Karena surat tersebut, Ieyasu percaya bahwa Hideyaki berada dipihaknya.
Ieyasu mempertaruhkan keamanan dan pertahanan pasukannya di tangan
Hideyaki, karena saat itu, Ieyasu sudah kalah jumlah dengan pasukan
Mitsunari, sehingga dapat dipastikan Ieyasu akan kalah. Namun, pada saat
mendapat sinyal dari Mitsunari untuk menyerang, Hideyaki sempat diam dan
bingung untuk mengambil tindakan sampai akhirnya Ieyasu memberi
serangan pada pasukan Hideyaki, dan Hideyaki pada akhirnya berbalik
melawan Mitsunari. Perang Sekigahara berakhir dengan menangnya
Tokugawa Ieyasu.
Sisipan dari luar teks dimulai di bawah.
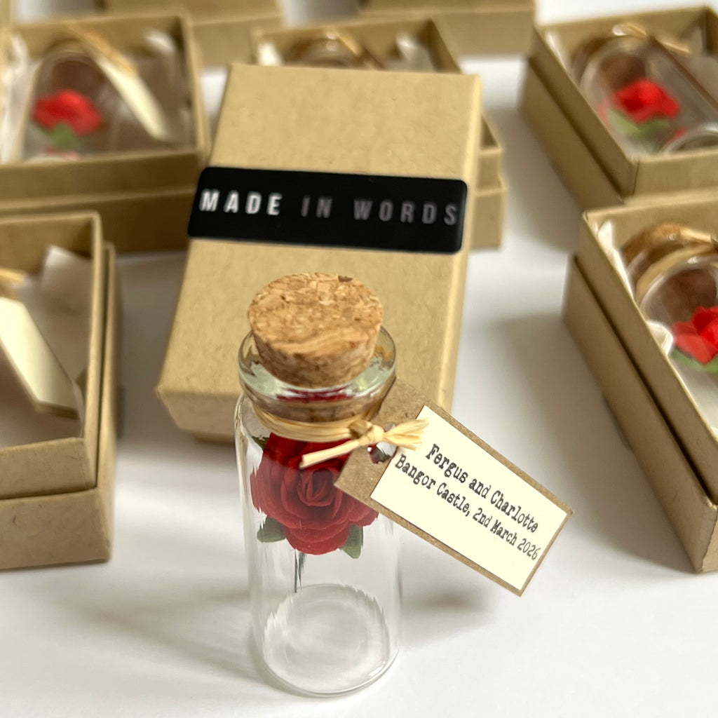 At Made In Words, we create keepsakes that speak in the smallest details. These personalised mini glass bottle favors, each holding a delicate red mulberry paper rose, are made to be treasured long after your event has ended. With this set of 50, you’ll have the perfect favors for larger weddings, parties, or corporate gatherings, ensuring every guest receives a meaningful gift.

Blok Barat akhirnya hancur dan beberapa hari kemudian
Ishida Mitsunari beserta bangsawan barat lainnya ditangkap dan dibunuh.
Dan kemudian Tokugawa Ieyasu menjadi penguasa de facto di Jepang.
Hidetada kembali kepada ayahnya dengan rasa malu. Sebagai seorang
pejuang dan samurái sejati, Hidetada harus melakukan apa yang seharusnya
dilakukan pejuang ketika mempermalukan dirinya atau berbuat kesalahan,
yaitu mati dengan terhormat, membunuh dirinya sendiri. Pada awalnya,
Ieyasu menunggu Hidetada untuk membunuh dirinya sendiri, namun
akhirnya, Ieyasu menghentikan Hidetada untuk membunuh dirinya sendiri.
Apa yang Ieyasu lakukan saat itu adalah, kesetiaan terhadap keluarga, ia
tidak ingin kehilangan putera lainnya.
III. Evaluation
Film ini sangat bagus, karena di dalamnya penuh dengan pengetahuan,
memperlihatkan bagaimana cara hidup orang Jepang pada zaman dahulu.
Prinsip-prinsip hidup samurai zaman dahulu telah membentuk karakter
bangsa Jepang dan menjadikan mereka orang-orang yang kuat, pantang
menyerah, menghormati orang lain, dan mau bekerja keras. Seperti prinsip
Samurai Jepang yaitu, Bushido dan Makoto, prinsip dan karakter inilah yang
membuat bangsa Jepang dapat maju dan terus berkreasi.